Молча и глубоко дышу. Меня подташнивает. От препаратов, от информации, от мамы... Я удовлетворена тем, что все живы, и пока мне этого достаточно.
Я сейчас не хочу никого видеть. Не готова видеть чужие эмоции и пережёвывать свои собственные. Переживания забирают слишком много сил, а у меня их так мало.
- Рейгис скорую вызвал. – Продолжает мама. - Он, и друг его, который рядом с тобой сидел, синяками отделались. Пристёгнуты были. Водитель – здесь, рядом, в соседней палате. Его тоже зацепило. Ты была единственная без ремня, ещё и удар на тебя пришёлся. – Её глаза недобро поблескивают. - Чудо, что ты выжила.
Водопад слёз, на время отключённый ненавистью, снова работает, но мне, поразительно, всё равно.
- За что это всё? Почему они все целы? Что за несправедливость! – Мама щурится, и в этот раз она явно не собирается читать мне нотаций о том, что проще забыть. – Ты же права была тогда, детка. Если бы твой Рейгис сел, то ничего бы не было.

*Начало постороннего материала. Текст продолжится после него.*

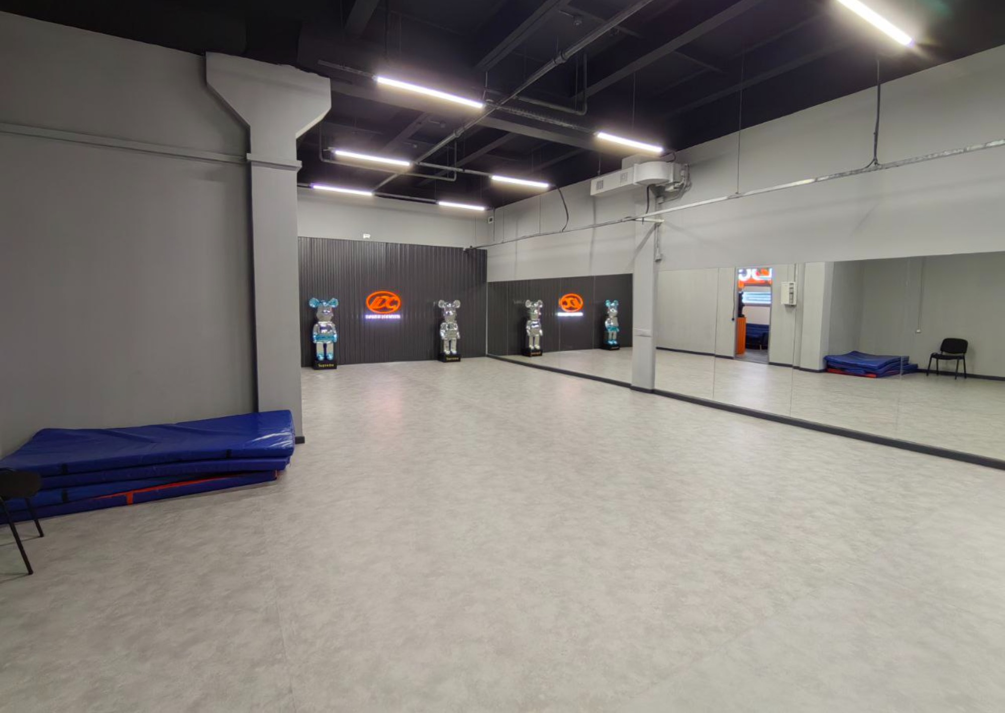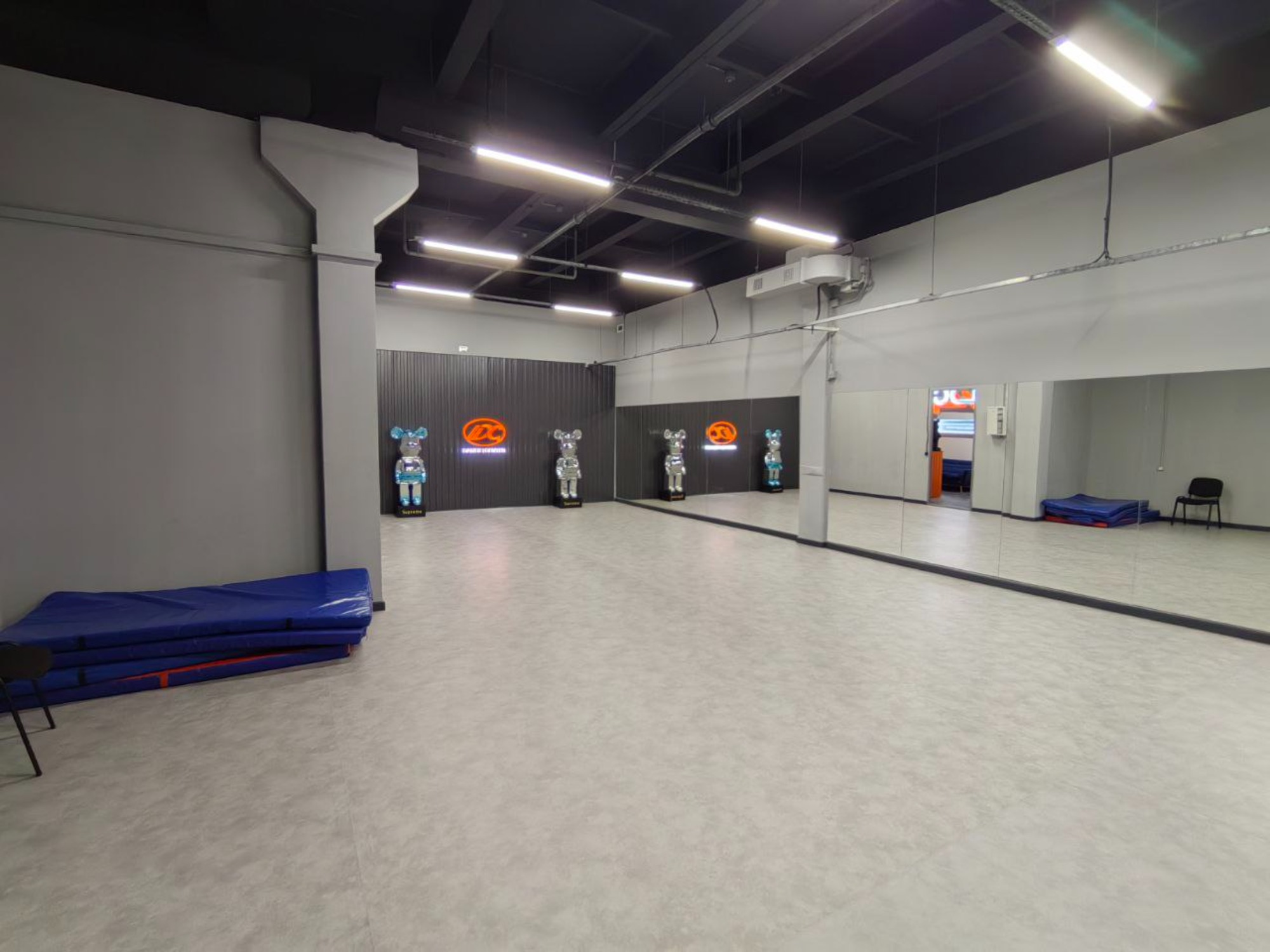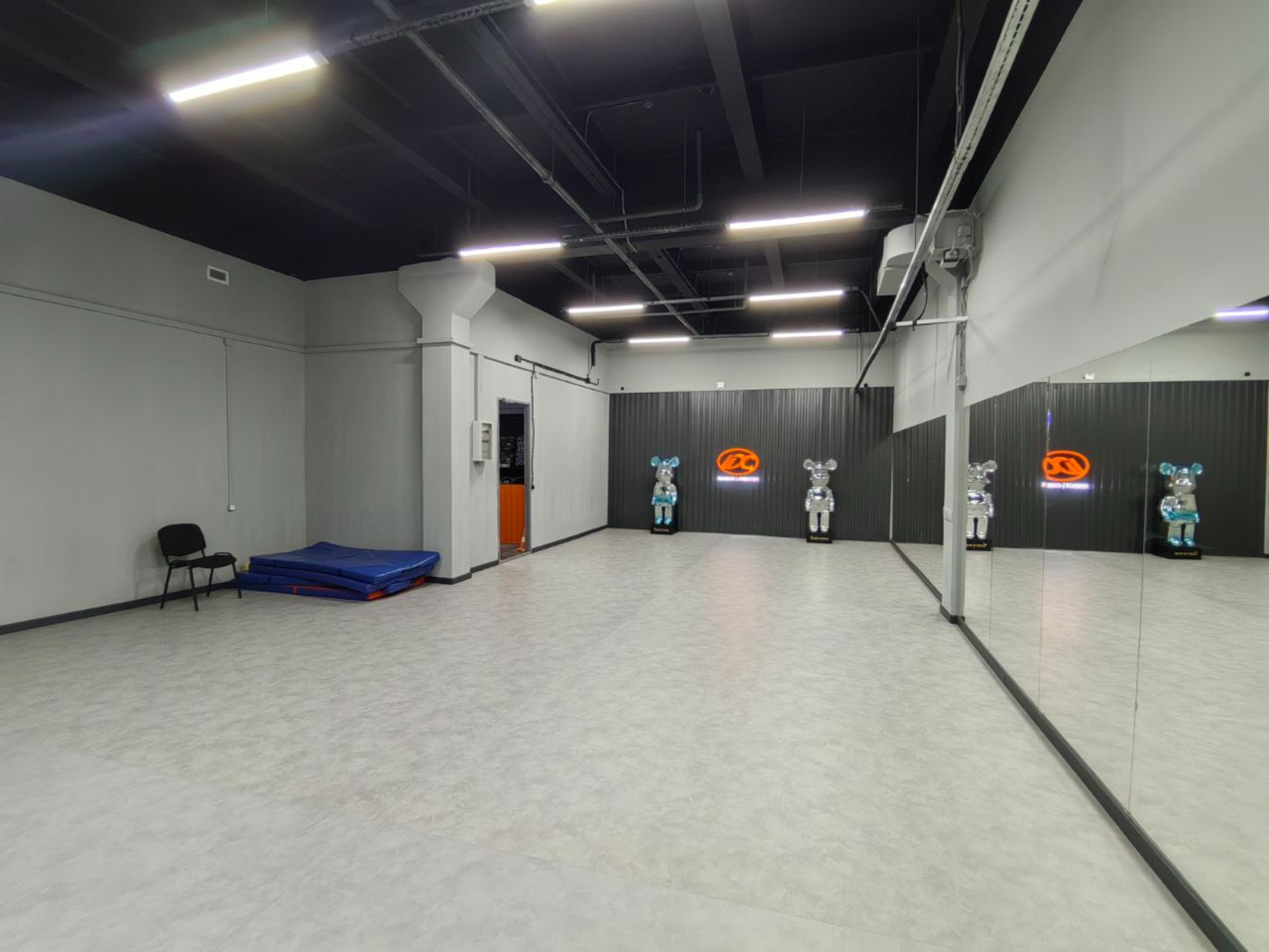 Залы идеально подходят для танцевальных и фитнес занятий. Стильная лаунж зона с приставкой, женские и мужские раздевалки, а также наличие холодных напитков обеспечат комфортное пребывание и отличные условия для всех посетителей. Оборудование Коврики Муз.центр с bluetooth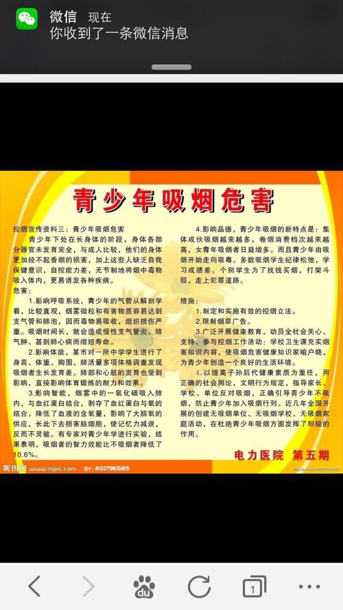 2、进学校宣传禁烟知识:走进学校,以学生喜闻乐见的形式,使学生了解烟草对人体的危害,使学生能自觉抵制烟草的侵犯,增强学生参与控制吸烟的社会责任感。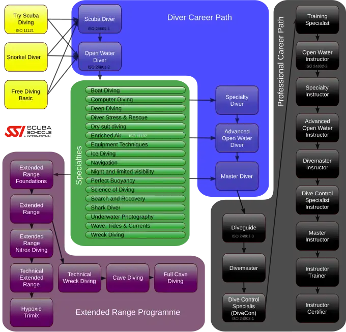 - ↑ Learning to dive — which agency is best? — DIVE Magazine. Дата обращения: 13 февраля 2023. Архивировано 13 февраля 2023 года.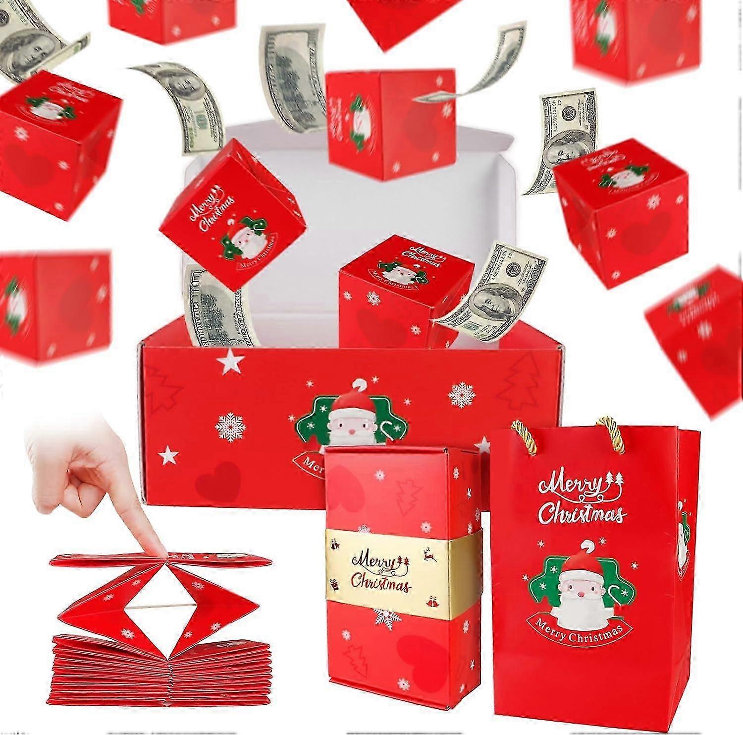 Surprise Box Gift Box for Money: Package Including 10 x bouncing boxes, 1 x surprise gift box, 1 x wrapped card, 1 x gift bag. No instructions for assembly are required, it only takes 1 minute to set up with ease.Christmas Surprise Gift Box: The surprise bouncing box is made of sturdy and quality paperboard. Exercise your creative juices, just according to your own ideas to DIY it, and bring the effect of delight and surprise for the recipient.How To Use: You can Insert cash confetti photo greeting cards, in the gap between the box and the box, place rings, necklaces, bracelets, watches, perfumes or other small gadgets at the bottom of the birthday surprise box. Note that it's not a disposable item, recommended to test the product upon receipt.Surprise Gift Box Explosion: Who would have thought that a regular gift box could hold such a delightful surprise! Watch as even bystanders are filled with joy and excitement when they see these pop-up boxes in action!Wide Use: Imagine the looks on their faces when they open the box and find a hidden gift inside. Be it for Parent's or Children's birthdays, Christmas parties, or friends' weddings, these pop-up boxes will create an atmosphere of excitement and wonder, making your celebrations truly special. Get ready to witness the joy and happiness these boxes bring!Package Including10 x bouncing boxes1 x surprise gift box1 x wrapped card1 x gift bagNo instructions for assembly are required, it only takes 1 minute to set up with ease.

Я молчу, думая о том, что я хочу остаться одна. Мысль о том, что, если бы не моя принципиальность, аварии тоже не было бы, слишком болезненна и энергозатратна.
- Он чувствует, что в этот раз так легко не отъедет, - продолжает мама. – Сутками здесь сидел. Ждал, пока ты очнёшься. Палату его отец оплатил, уход и операции тоже. Но им это просто так не сойдёт с рук. Слишком далеко всё зашло... Чуть тебя на тот свет не отправил. Я уже написала заявление, свидетель есть. К тебе следователь просится, но ты без сознания была...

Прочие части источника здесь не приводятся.